MMNTM logo
Technical Deep Dive

The Architecture of Clawdbot: Building Personal AI Infrastructure

A technical deep-dive into the engineering decisions behind an open-source personal AI assistant that runs locally and speaks 29+ messaging protocols.

Casey
12 min read
#AI Agents#Architecture#Open Source#TypeScript#Local-First
The Architecture of Clawdbot: Building Personal AI Infrastructure

The Problem With Cloud AI Assistants

Every major AI assistant follows the same playbook: your messages go to a cloud server, get processed, and responses come back. You're a tenant in someone else's infrastructure, subject to their rate limits, their privacy policies, their uptime.

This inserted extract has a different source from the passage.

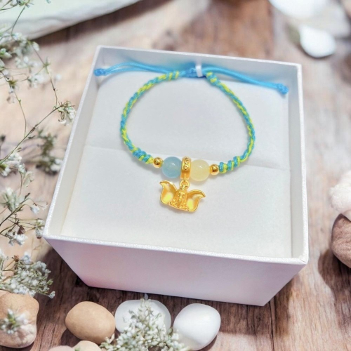 這款黃金大象手鍊以精緻的黃金大象吊飾為核心,搭配藍綠色手鍊的編織設計,展現出獨特的魅力。
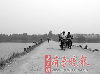 8月22日,记者采访时发现,由于年久失修,桥两边的护栏已所剩无几(下图),而且多个桥墩出现裂痕。就在20日下午,一位老人就因躲避车辆不幸掉到河里身亡,真不知道这座桥还能坚持多久。(张宏磊 高建璋)

Clawdbot inverts this model entirely. It's a local-first gateway that runs on your machine, connects to your messaging accounts, and routes conversations to AI agents under your control. The architecture treats messaging platforms as interchangeable protocols and AI models as swappable backends—what remains constant is your infrastructure, your data, your rules.

This isn't a weekend hack. The codebase spans 40,000+ lines of TypeScript, supports 29 messaging channels through a plugin system, and implements patterns you rarely see outside distributed systems: lane-based concurrency, cascading route resolution, cross-channel identity linking, and human-in-the-loop approval gating.

Let's examine what makes it work.


1. Lane-Based Concurrency: Preventing Starvation by Design

Most async systems use a single priority queue. High-priority tasks run first; low-priority tasks wait. The problem: a burst of medium-priority work can starve everything below it indefinitely.

Clawdbot takes a different approach. Work is partitioned into lanes—orthogonal queues that operate independently with separate concurrency limits.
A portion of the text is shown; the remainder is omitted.